A group of scientists in the United States and Italy has described transparent organic thin films that use self-assembly to create ultrathin layers with superior electro-optical properties. A cooperating group in the United States and China has demonstrated that superconductivity can be precisely controlled in ultrathin films.
Professors Tobin Marks and Antonio Facchetti at Northwestern University collaborated with professor Giorgio Pagani of the University of Milano-Bicocca to demonstrate a vapor-deposition technique for fabricating transparent organic thin films that self-assemble. The group reports a hundredfold increase in the self-assembled material's electro-optical responses at both the 1.3- and the 1.55-micron communications wavelengths.

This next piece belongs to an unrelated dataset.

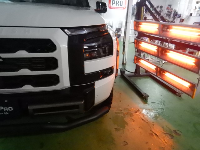 札幌市厚別区より|三菱・トライトンGLS|セラミックプロイオン2レイヤー+スモークフィルム施工|温度管理徹底&焼付処理で高耐久仕上げ
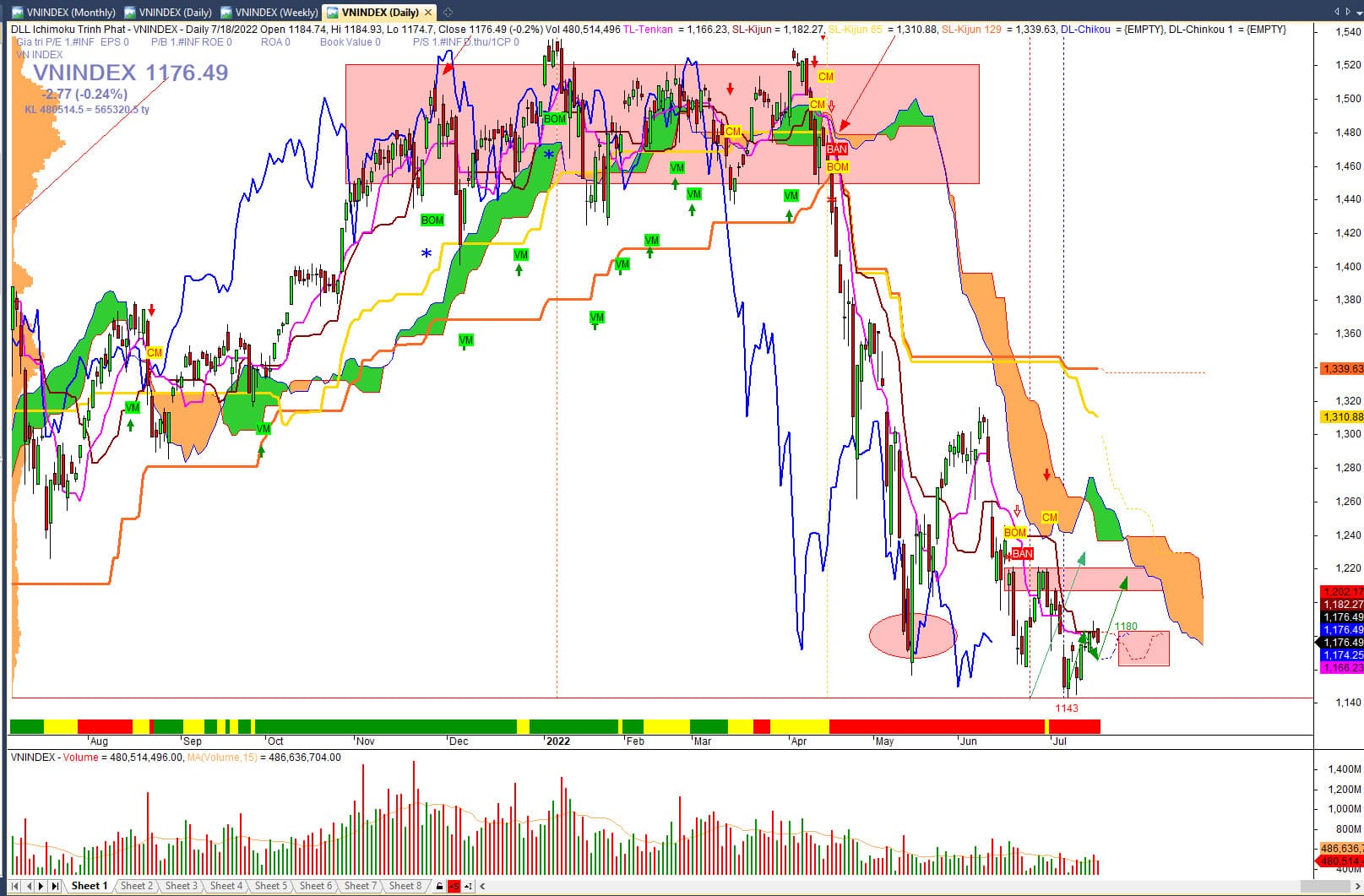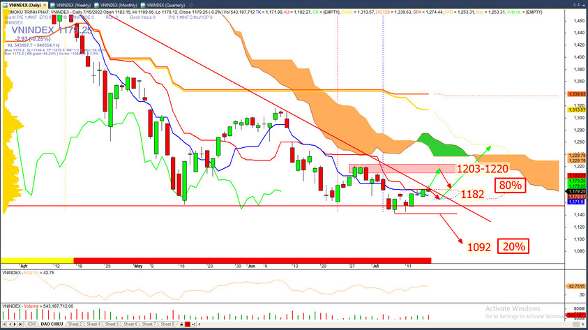 Ngắn hạn phiên cuối tuần là phiên hồi phục thứ 2 sau nhịp chỉnh ngắn hạn của cổ phiếu nhóm ngành trụ, sự tác động của nhóm ngành BĐS là dấu hiệu tích cực cho VNINDEX hồi phục tích lũy lại. Các nhóm ngành trụ như Bank, Chứng, Thép tiếp tục trên nhịp phục hồi trung hạn là tín hiệu tốt cho thị trường khó có thể chỉnh sâu trong trung hạn. Kịch bản khả năng lình xình tích lũy quanh vùng 1180 trong ngắn hạn. Vượt và đóng cửa trên 1180 VNINDEX có cơ hội nhịp sóng hồi về vùng 1230 trong ngắn hạn lình xình tích lũy trở lại.

By using hydrogen-bonding reactions, the group demonstrated that electro-optical thin films can be fabricated on silicon, glass, ceramic and organic-polymer substrates. The method is said to offer a lower-cost approach that nevertheless improves electro-optical properties.
"Vapor deposition of electro-optical films is still a relatively new technique," said Marks, "but it offers many advantages over conventional processing."
In the lab, Marks' and Pagani's group used hydrogen bonding to create the conditions under which precisely controlled thin films self-assemble. To maximize the electro-optical response of the material, the group ensured that the molecules' dipoles were oriented in the same direction on each layer during deposition, but were reversed from the orientation of adjacent layers. Use of these alternating layers-called asymmetric deposition-results in configurations that unlock the nonlinear optical properties masked by layers of symmetrically oriented dipoles, the team said.
To prove the concept, the group fabricated three compounds, each containing a pyridine ring on one end that acted as a hydrogen-bond acceptor. On the other end, a hydrogen-bond donor was fabricated. When the matched ends of the asymmetrical molecules were linked, the result was conjugated asymmetrical thin films. This head-to-tail alignment reportedly resulted in films with a 100x greater nonlinear response than lithium niobate.
Separately, Qi-Kun Xue of the Chinese Academy of Sciences in Beijing, with researchers from the University of Texas (Austin) and the University of California at Berkeley, showed that thin films can be more easily coaxed into superconductivity with careful deposition techniques. The team deposited crystalline lead onto silicon substrates at every thickness between 10 and 30 monolayers, then measured the superconductivity transition temperature at which the metal lost its resistance to electricity. The lead proved stable when deposited in odd numbers of between 11 and 21 monolayers. Further, the team demonstrated that superconductivity began occurring at lower temperatures for thinner films: 5 Kelvin at 15 monolayers vs. more than 6 K at 25 monolayers.